Episerver Search & Navigation (A.K.A. Find) is a Cloud-based Enterprise Search solution that delivers enhanced relevance and powerful search functionality to websites. On Friday the 7th of August, 2020 we had an event impacting the functionality of the service in the EU Digital Experience Cloud region and following report describes additional details around the event.
Between 2020-08-07 12:28 UTC and 2020-08-07 15:20 UTC FIND Cluster EMEA04 experienced a service degradation.
What triggered the issue was a sudden increase of incoming bulk requests which caused high demand of memory. Graceful node restarts were performed to mitigate the incident as quickly as possible and the service was fully restored the same day at 15:20 UTC.
2020-08-07 12:28 UTC – First alert is triggered by monitoring system.
2020-08-07 12:29 UTC – Alert acknowledged and troubleshooting initiated.
2020-08-07 12:30 UTC – Rolling restarts are performed to mitigate high memory utilization.
2020-08-07 12:43 UTC – STATUSPAGE updated
2020-08-07 12:53 UTC – Yellow state, all primary shards allocated but not all replicas.
2020-08-07 13:32 UTC – Cluster is green and all shards allocated but re-balancing the shards.
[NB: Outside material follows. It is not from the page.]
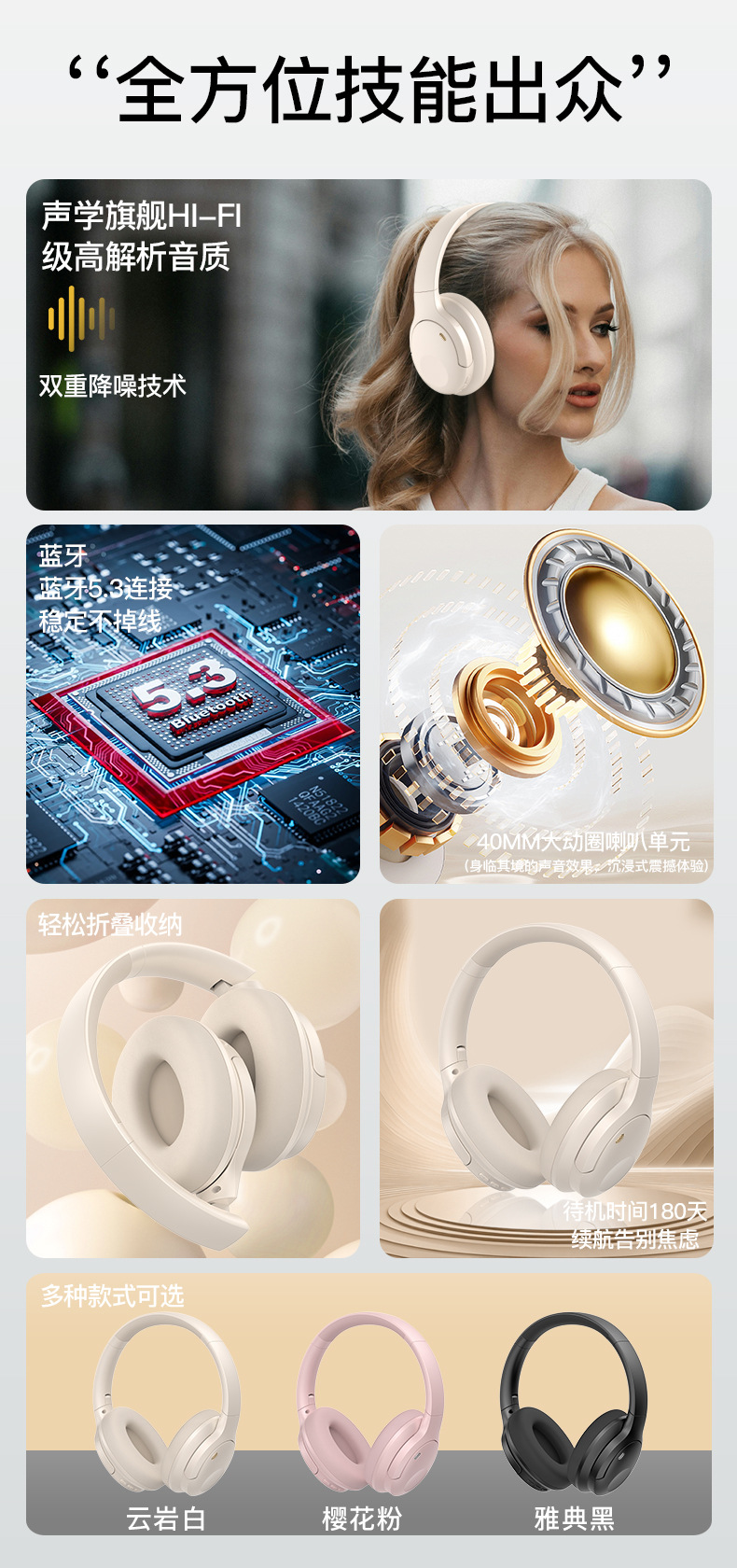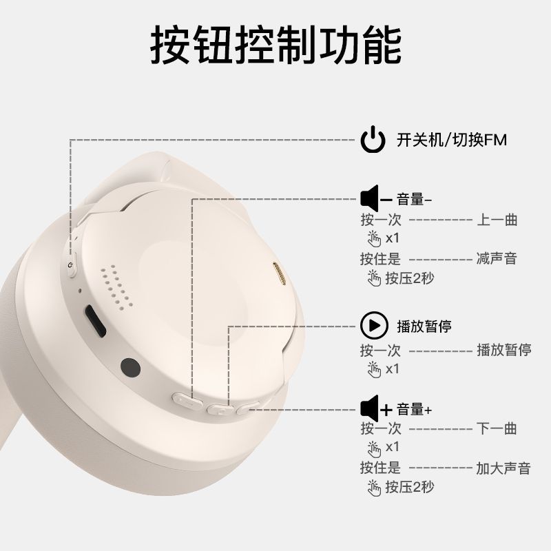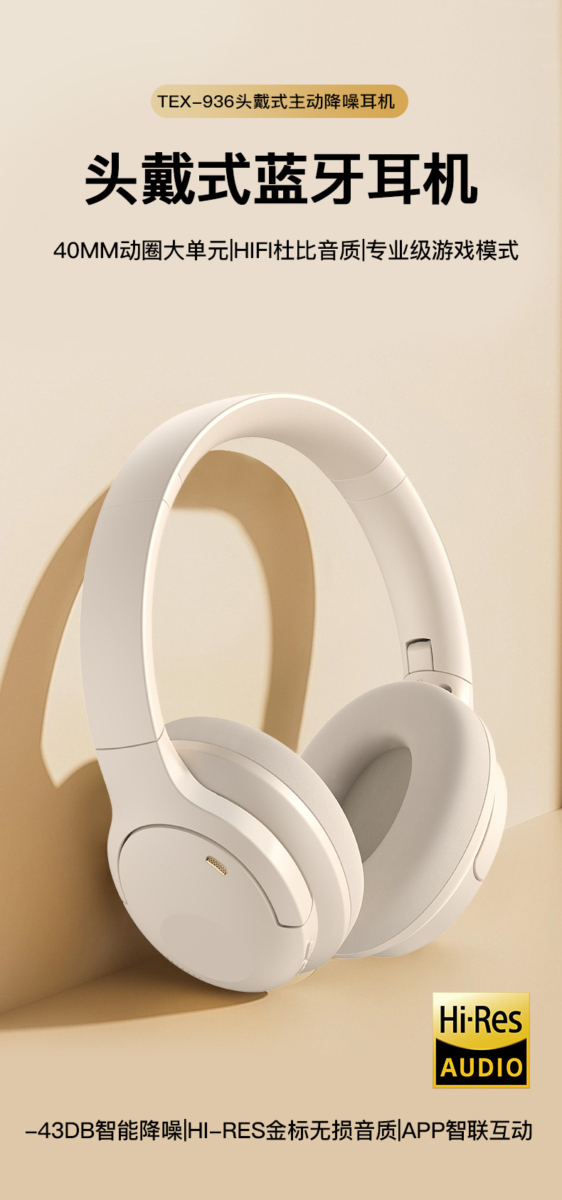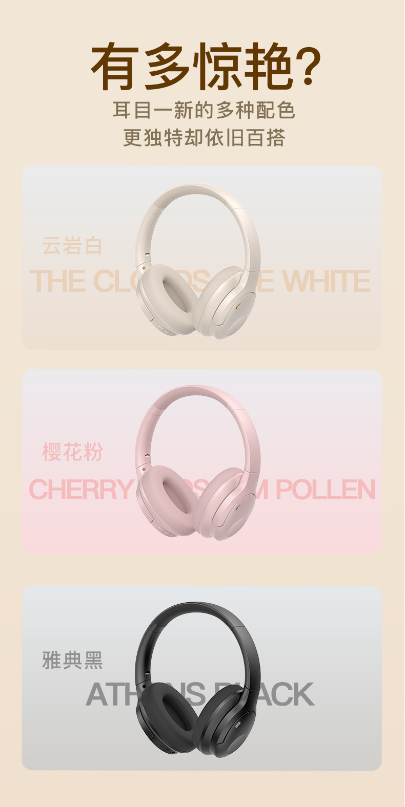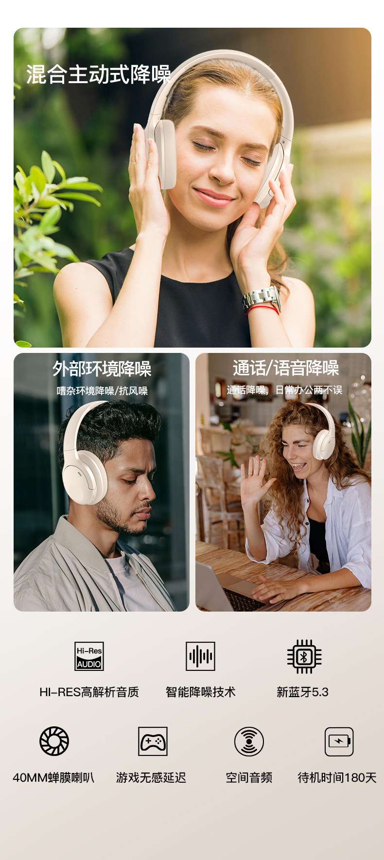新款ANC主动降噪头戴式耳机无线重低音超长续航蓝牙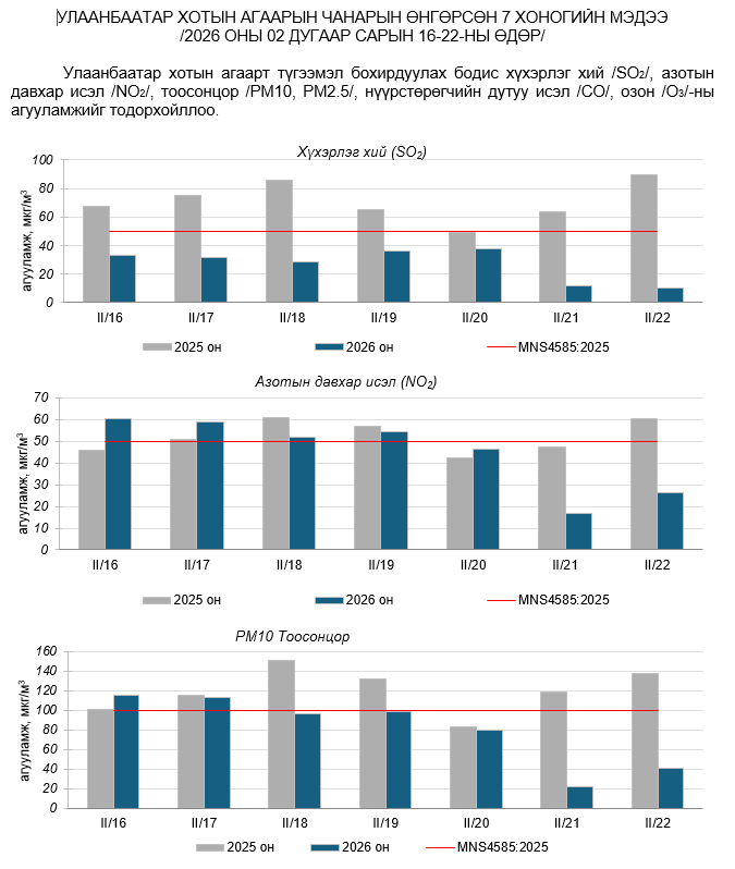 УЛААНБААТАР ХОТЫН АГААРЫН ЧАНАРЫН ХЯНАЛТ ШИНЖИЛГЭЭНИЙ ХОНОГИЙН МЭДЭЭ /2026.04.12/

2020-08-07 15:20 UTC – Global monitoring system is reporting full functionality restored.
The cause of this incident was a sudden peak in JAVA heap memory consumption. Analysis identified that this was due to a high amount of bulk request towards the cluster which caused over-allocation of heap on the nodes and failed garbage collects. This creates failed queries on the node with high heap usage, and when that node is restarted the ElasticSearch primary shard being indexed to moves to another node and the scenario replays itself until the clusters internal shards have been re-balanced and service is fully operational.
During the event, requests to this FIND cluster would have seen network timeouts (5xx-errors), or slow response times when trying to connect.
Short-term mitigation
Long-term mitigation
We apologize for the impact to affected customers. Availability is of high priority for us and we have a strong commitment to delivering high availability for our Find service. We will continue to prioritize our efforts in proving to overcome these recent difficulties and will do everything we can to learn from the event to avoid a recurrence in the future.